Thought : I need to search Colorado orogeny, find the area that the eastern sector of the Colorado orogeny extends into, then find the elevation of the area.
Action : Search[Colorado orogeny]
Observation : The Colorado orogeny was an episode of mountain building (an orogeny) Colorado surrounding areas.
Thought : It does mention the eastern sector. So I need to look up eastern sector.
...
(例子结束)
Question:{question}
{scratchpad}
REACT_INSTRUCTION = """Solve a question answering task with interleaving Thought, Action, Observation steps. Thought can reason about the current situation, and Action must be three types:
(1) Search[entity], which searches the exact entity on Wikipedia and returns the first paragraph if it exists. If not, it will return some similar entities to search.
(2) Lookup[keyword], which returns the next sentence containing keyword in the last passage successfully found by Search.
(3) Finish[answer], which returns the answer and finishes the task.
You may take as many steps as necessary. Ensure that your responses MUST strictly to the above formats, especially Action must be one of the three types.
Here are some examples:
{examples}
(END OF EXAMPLES)
{reflections}
Question: {question}{scratchpad}"""
react_agent_prompt = PromptTemplate(input_variables=["examples", "question", "scratchpad"],
template = REACT_INSTRUCTION)
WEBTHINK_SIMPLE6 = """Question: What is the elevation range for the area that the eastern sector of the Colorado orogeny extends into?
Thought 1: I need to search Colorado orogeny, find the area that the eastern sector of the Colorado orogeny extends into, then find the elevation range of the area.
Action 1: Search[Colorado orogeny]
Observation 1: The Colorado orogeny was an episode of mountain building (an orogeny) in Colorado and surrounding areas.
....
"""
Solve a question answering task with interleaving Thought, Action, Observation steps. Thought can reason about the current situation, and Action can be three types:
...
(END OF EXAMPLES)
Question: The creator of "Wallace and Gromit" also created what animation comedy that matched animated zoo animals with a soundtrack of people talking about their homes?
Thought 1:
初始化 docstore 为 DocstoreExplorer(docstore),其中 dockstore 为 lanchiain 内置的访问 wikipedia 工具。

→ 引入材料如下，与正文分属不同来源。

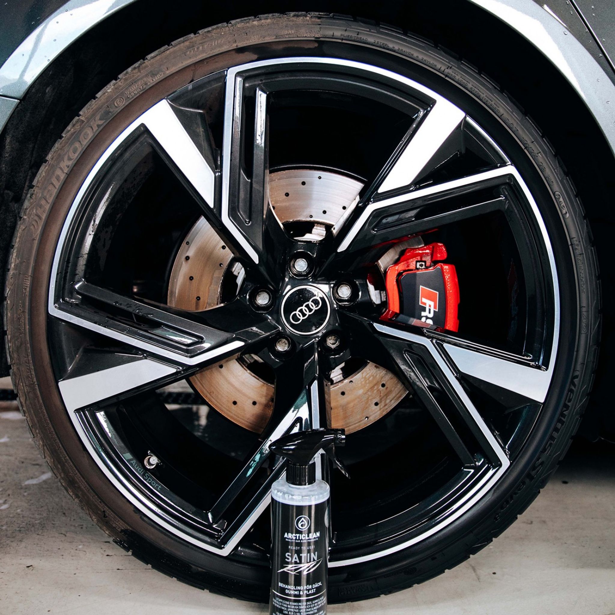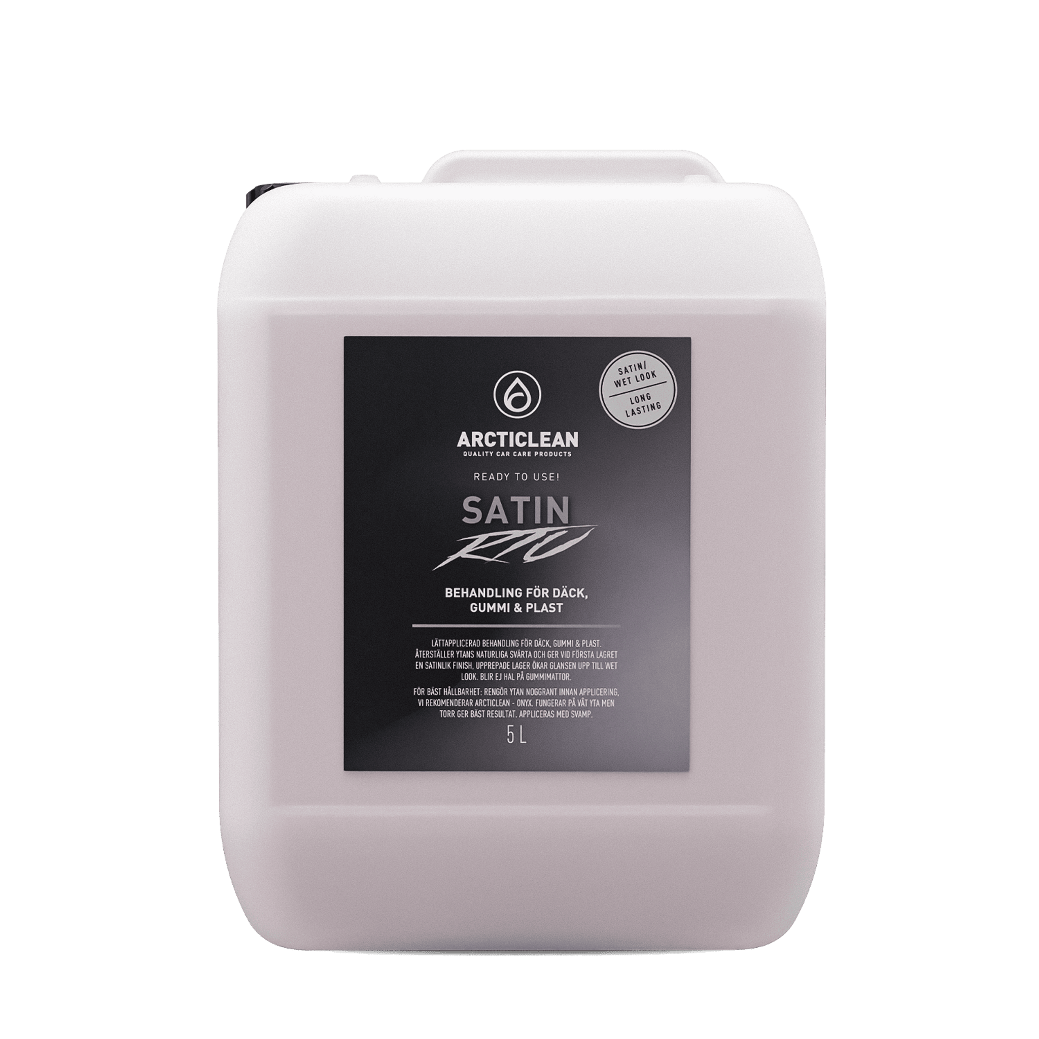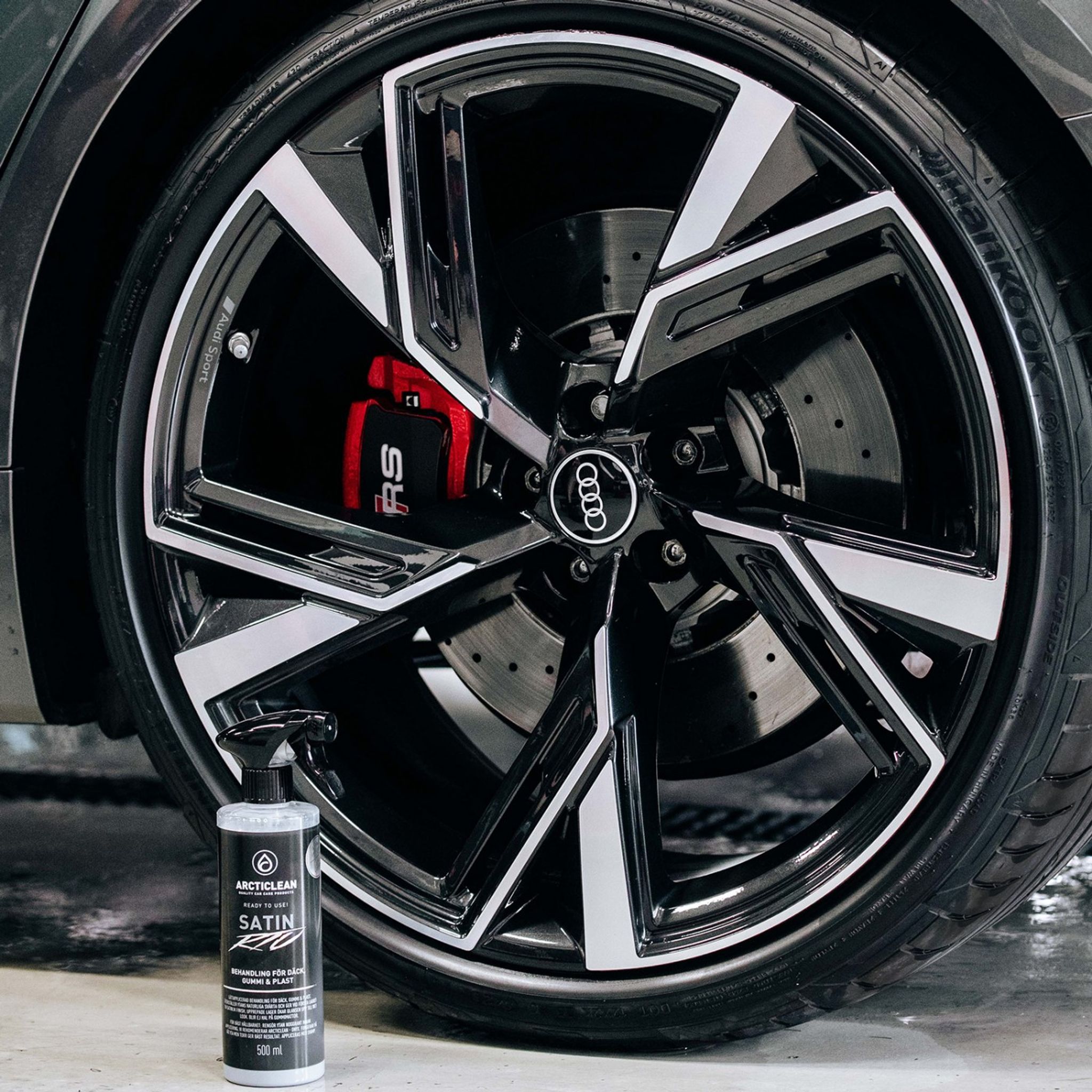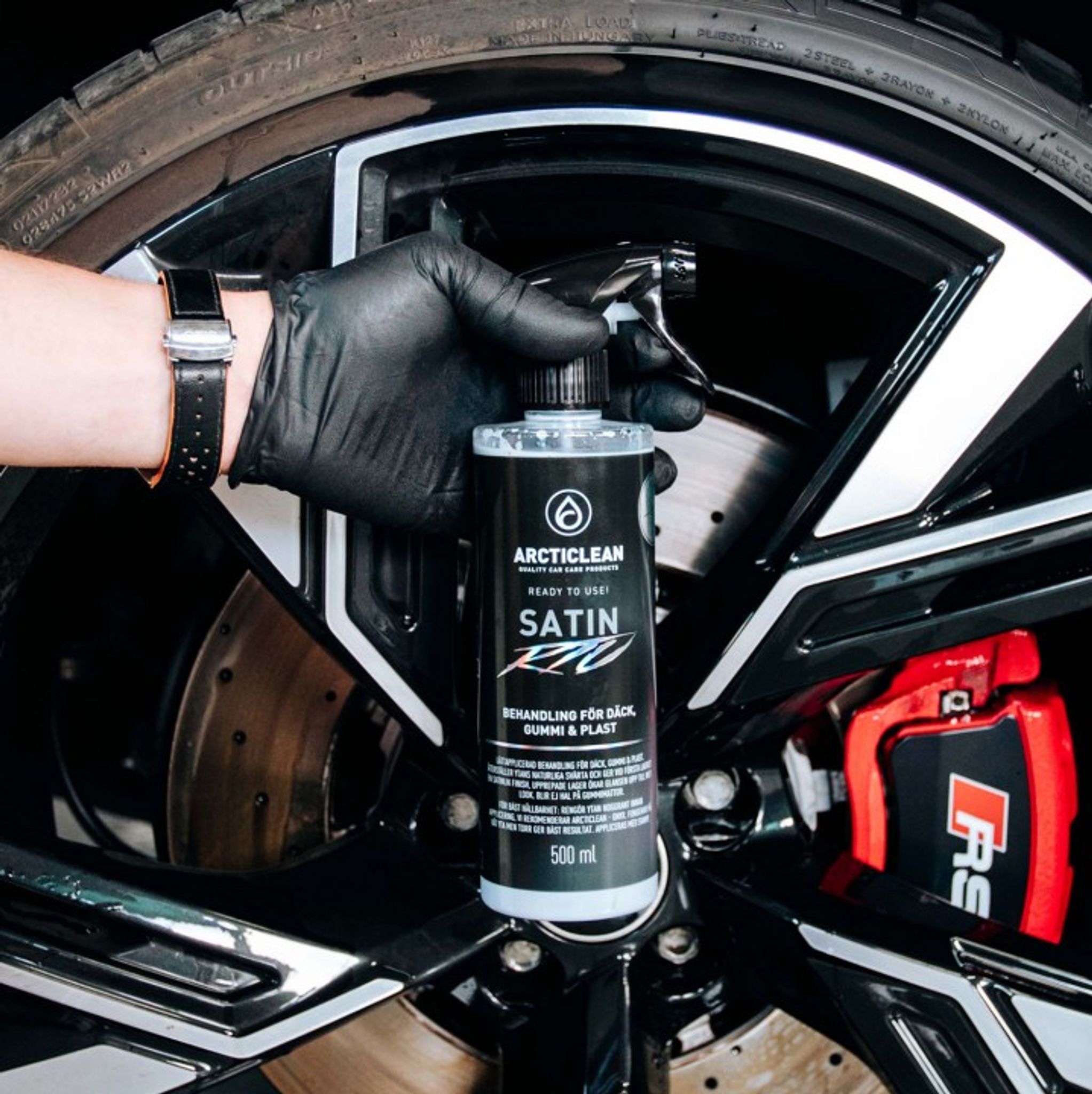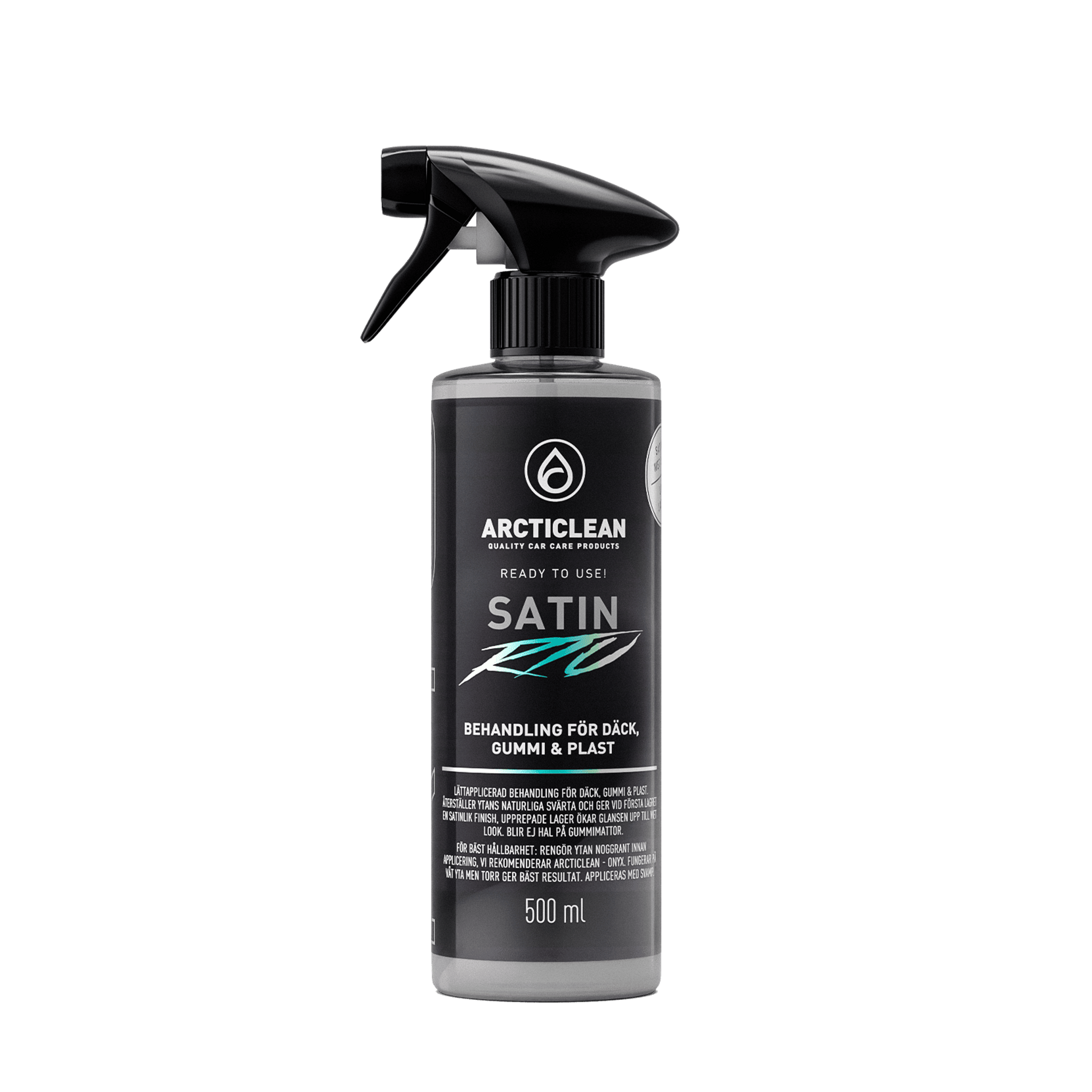 Satin är vår nya keramiska behandling för däck, gummi och plast. Väldigt lätt att lägga och återställer ytans naturliga svärta och ger vid första lagret en satinlik “orginal” finish, Upprepar man kan man få en blankare yta med mer wetlook.

Solve a question answering task with interleaving Thought, Action, Observation steps. Thought can reason about the current situation, and Action can be three types:
...
(END OF EXAMPLES)
Question: The creator of "Wallace and Gromit" also created what animation comedy that matched animated zoo animals with a soundtrack of people talking about their homes?
Thought 1:
Thought 1: The creator of "Wallace and Gromit"is Nick Park. I need to search for other animation comedies by Nick Park that match this description.
Action 1:
调用 action = self.prompt_agent()action 会被赋值为
Search[Nick Park zoo animals talking about their homes]
更新 scratchpad 为
Thought 1: The creator of "Wallace and Gromit"is Nick Park. I need to search for other animation comedies by Nick Park that match this description.
Action 1: Search[Nick Park zoo animals talking about their homes]

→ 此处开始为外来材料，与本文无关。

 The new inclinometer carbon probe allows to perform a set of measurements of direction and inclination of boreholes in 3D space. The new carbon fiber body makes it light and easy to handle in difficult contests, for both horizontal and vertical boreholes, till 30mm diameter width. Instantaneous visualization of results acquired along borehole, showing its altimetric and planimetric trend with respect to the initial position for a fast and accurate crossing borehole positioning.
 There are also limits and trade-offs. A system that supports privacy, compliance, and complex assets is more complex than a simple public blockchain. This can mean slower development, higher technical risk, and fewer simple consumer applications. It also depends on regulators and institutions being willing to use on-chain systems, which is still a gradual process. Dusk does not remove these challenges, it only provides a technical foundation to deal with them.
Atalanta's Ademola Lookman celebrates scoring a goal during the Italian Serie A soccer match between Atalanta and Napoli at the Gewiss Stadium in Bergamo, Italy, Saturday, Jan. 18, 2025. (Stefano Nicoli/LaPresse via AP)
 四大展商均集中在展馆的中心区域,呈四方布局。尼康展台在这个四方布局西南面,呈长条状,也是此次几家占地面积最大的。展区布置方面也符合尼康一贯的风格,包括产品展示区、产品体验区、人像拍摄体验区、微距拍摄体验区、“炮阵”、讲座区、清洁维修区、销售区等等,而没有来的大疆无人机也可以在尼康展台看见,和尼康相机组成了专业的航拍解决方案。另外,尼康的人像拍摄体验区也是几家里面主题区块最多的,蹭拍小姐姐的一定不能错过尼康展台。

接下来使用正则表达式 pattern = r'^(\w+)[(.+)]$' 提取 Search 这个 Action,提取中括号中的检索字符串。根据 step 方法,判断 Action 为 Search 需要执行 Wikipedia 检索行为,具体的 wikipedia 工具的实现这里不多赘述,可以参考。
Nicholas Wulstan Park (born 6 December 1958) is an English filmm...
整个 step 完成,最终的 scratchpad 为
Thought 1: The creator of "Wallace and Gromit"is Nick Park. I need to search for other animation comedies by Nick Park that match this description.
Action 1: Search[Nick Park zoo animals talking about their homes]
Observation 1: Nicholas Wulstan Park (born 6 December 1958) is an English filmmaker and ...
3.7 迭代 React
循环调用 step,直到满足条件退出。最终的 scratchpad 如下
Thought 1: The creator of "Wallace and Gromit" is Nick Park. I need to search for other animation comedies by Nick Park that match this description.
Action 1: Search[Nick Park zoo animals talking about their homes]
Observation 1: Nicholas Wulstan Park (born 6 December 1958) is an English filmmaker ...
Thought 2: Nick Park also created Creature Comforts, which is the animation comedy that matched animated zoo animals with a soundtrack of people talking about their homes.
Action 2: Finish[Creature Comforts]